KCFA
- Arnold, California; United States;
- Broadcast area: Sacramento, California
- Frequency: 106.1 MHz
- Branding: La Exitosa

Programming
- Format: Regional Mexican

Ownership
- Owner: Centro Christiano Amistad Church

Technical information
- Licensing authority: FCC
- Facility ID: 9995
- Class: B1
- ERP: 3,800 watts
- HAAT: 257.0 meters (843.2 ft)
- Transmitter coordinates: 38°22′40″N 120°11′33″W﻿ / ﻿38.37778°N 120.19250°W

Links
- Public license information: Public file; LMS;
- Website: lafavorita.net

= KCFA =

KCFA (106.1 FM) is a radio station broadcasting a Regional Mexican format.

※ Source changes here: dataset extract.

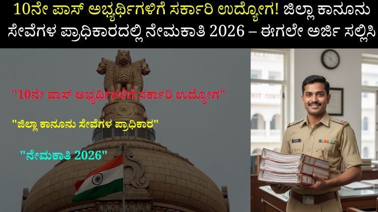 10ನೇ ಪಾಸ್ ಅಭ್ಯರ್ಥಿಗಳಿಗೆ ಸರ್ಕಾರಿ ಉದ್ಯೋಗ! ಜಿಲ್ಲಾ ಕಾನೂನು ಸೇವೆಗಳ ಪ್ರಾಧಿಕಾರದಲ್ಲಿ ನೇಮಕಾತಿ 2026 – ಈಗಲೇ ಅರ್ಜಿ ಸಲ್ಲಿಸಿ

Licensed to Arnold, California, United States, the station is currently owned by Centro Christiano Amistad Church.

==Current issues with the signal coverage==

The station's signal can be heard as far westward as the cities of Fairfield and Vacaville, California which is beyond its target coverage area. It fights with and obstructs the signal of KMEL, an FM radio station based in San Francisco operating under the same frequency, throughout the cities of Fairfield and some of Vacaville.

The same is true for the Altamont Pass leaving the city of Livermore, California traveling eastward. As soon as the Altamont Pass is reached, KCFA's signal cuts off KMEL's signal.

KCFA has a powerful, unobstructed signal in both the cities of Sacramento, California, and Stockton, California. It is one of two stations (KGRB 94.3 FM is the other) that serves both the Sacramento and Stockton/Modesto radio markets at the same time.